We have clearly demonstrated these concerns to the HSEA, RCSI and IMO and our training bodies and worked strenuously to avoid this. We have achieved a degree of consensus with (committed management representatives from) the Department of Health and Children, the RCSI, the IMO.

If the proposals worked out are completely ignored and crisis ensues, where does responsibility lie? Whom does such a crisis benefit? The patients and junior doctors? Probably not, they are stressed enough already, they are the most vulnerable groups, and they have the most to lose.

Perhaps it benefits the Minister and the HSEA, who get to blame it all, as usual, on the doctors, an easy target. It's a cheap shot, and it is clear that already the media spin and PR battle is directed this way.

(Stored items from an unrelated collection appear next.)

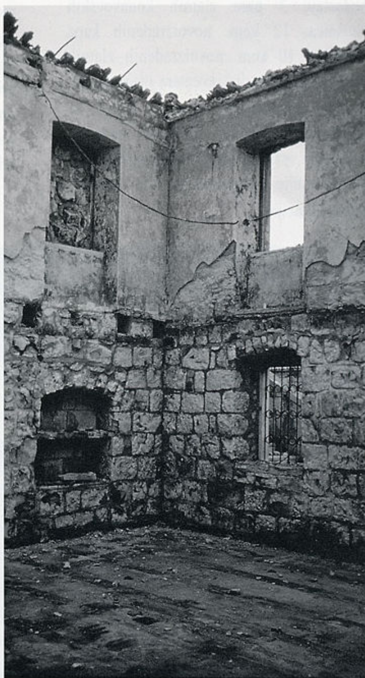
4. Spaljena zgrada Zavičajnog muzeja, snimak iz 1993. god.

Početkom rata na Hrvatsku u proljeće i ljeto 1991. godine dio etno-grade, izložen u prostoru Zavičajnog muzeja je sklonjen, odnosno skriven u cisternu istog objekta. To je prostor 5x4x4 m koji je ispod nivoa ceste, relativno suh, s dvostrukim svo-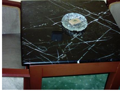
Resim 3. 8: Kül tablası

Oda temizliğine başlarken ilk yapılacak iş kül tablasının temizlenmesidir. Kül tablası temizlenmeden pencere açılacak olursa, kül tablalarında uçacak kül odaya yayılır.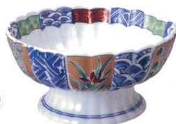
ケ245-23-2 菊型刺身鉢 (φ15×7.5cm) ¥3,300 1430206003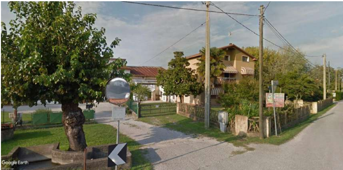
Ingresso secondario in comproprietà con terzi (mn 242)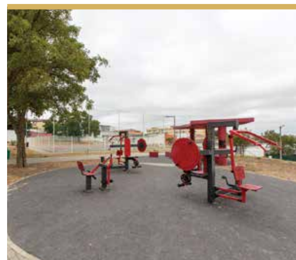
Espaço de Jogo e Recreio da Boa Hora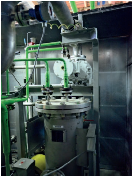
Abb. 2: Zwischenkühler zur Gewährleistung der vorgegebenen Maximaltemperatur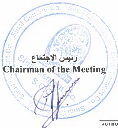
رئيس الاجتماع Chairman of the Meeting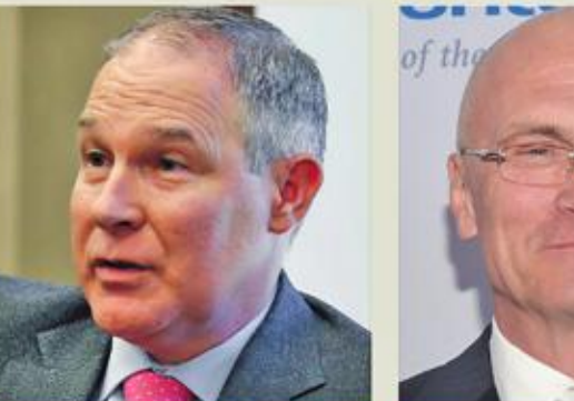
وكالة حماية البيئة

ريكس تيلرسون، 64 عاماً: رئيس مجلس إدارة إكسون موبيل ورئيسها التنفيذي يتمتع بعلاقة مع روسيا. اجتمع لأول مرة مع الرئيس الروسي فلاديمير بوتين في العام 1999، ومنح وسام الصداقة من الكرملين في العام 2013. في عهد تيلرسون، شركة إكسون حصلت على حقوق حفر في روسيا أكثر مما حصلت عليه في الولايات المتحدة*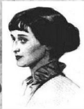
Анна Андреевна Ахматова (1889 – 1966)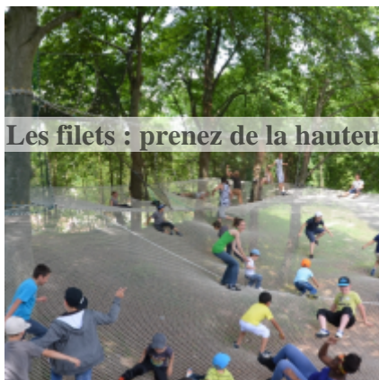
Les filets : prenez de la hauteur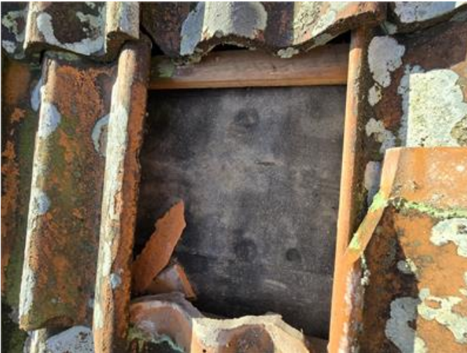
Tak: Stickprovskontroll under lertegelpannor, pappan äldre och spröd.

Fair play to them, they are the professionals in playing the media game.

Perhaps a crisis will aid the Minister in his negotiations with the Department of Finance to fund the improved health service this country deserves and has long waited for.

What are the facts, in all this spin?

1. Repeated letters to your paper point to deficiencies in service and structure in a wide variety of areas of health service responsibility.

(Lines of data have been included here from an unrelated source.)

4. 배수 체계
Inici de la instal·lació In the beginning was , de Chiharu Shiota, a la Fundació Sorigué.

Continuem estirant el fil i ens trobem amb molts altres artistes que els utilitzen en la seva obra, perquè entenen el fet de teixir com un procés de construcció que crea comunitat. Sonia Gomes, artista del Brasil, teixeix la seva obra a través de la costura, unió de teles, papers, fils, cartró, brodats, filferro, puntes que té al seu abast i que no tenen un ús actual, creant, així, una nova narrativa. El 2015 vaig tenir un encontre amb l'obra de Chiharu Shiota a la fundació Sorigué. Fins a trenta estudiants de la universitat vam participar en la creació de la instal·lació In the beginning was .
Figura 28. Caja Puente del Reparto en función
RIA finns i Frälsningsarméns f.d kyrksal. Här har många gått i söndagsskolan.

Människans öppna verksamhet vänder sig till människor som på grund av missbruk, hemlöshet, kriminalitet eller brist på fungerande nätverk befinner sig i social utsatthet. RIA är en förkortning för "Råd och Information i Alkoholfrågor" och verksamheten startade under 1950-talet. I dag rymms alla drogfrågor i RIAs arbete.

2. It is a fact that all medical groups and interested parties, through repeated consultative proceedings and many published reports, are in broad agreement with the Department and current Minister on the reforms needed, but where is the funding?

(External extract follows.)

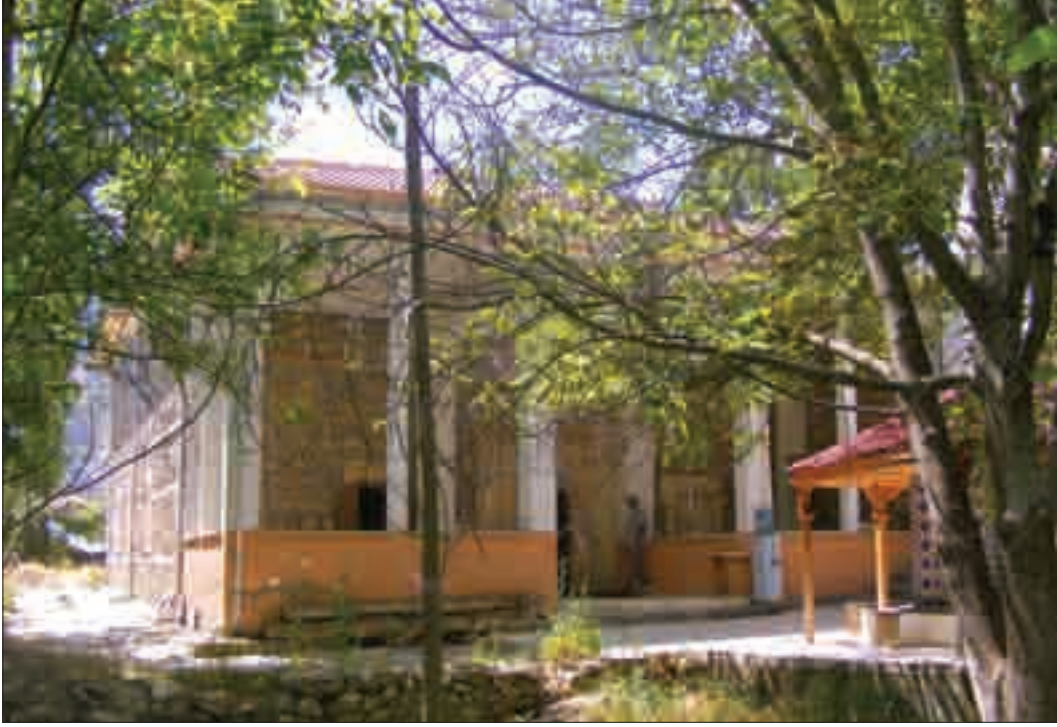
Resim 2: Bektaş Bey Camii'nin Kuzey Cephesi.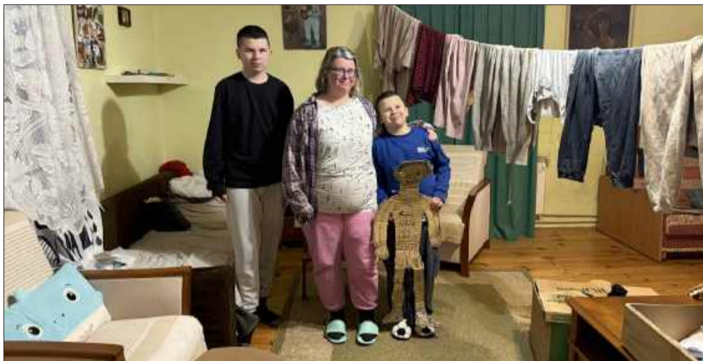
Mimo trudnych warunków mama robi wszystko, by zapewnić synom stabilne i bezpieczne dzieciństwo.

Jedno pomieszczenie, brak ogrzewania i problemy z wilgocią – w takich warunkach w Maliniu (gm. Tuszów Narodowy) żyje samotna matka z dwójką dzieci w spektrum autyzmu.

3. It is unfortunate that long-standing industrial relations difficulties between Government and the HSEA on the one hand, and the IMO and IHCA on the other, have soured the atmosphere at such a critical time. Both sides may be attempting to use the directive to gain leverage in this industrial relations process.

But fundamentally the challenge posed by the directive is not about industrial relations, it is about maintaining continuous safe patient care and standards of training and practice.

This is what we and the Royal Colleges in Ireland are about, this is a very serious difficulty that we face. It is possible to work towards a solution and this needs to be continued in a co-operative manner, regardless of the date. - Yours etc.,

RONAN CAHILL, PATRICK J. KIELY, DYLAN MURRAY, PETER WALSHE, DIARMUID MURPHY, CARMEL MALONE, FRANK O'BRIEN, BRIAN MANNING, MICHAEL KELLEHER FRCSI, Senior Specialist Registrars in Surgical Training, Irish Higher Surgical Training Group Committee, Royal College of Surgeons of Ireland, Dublin 2.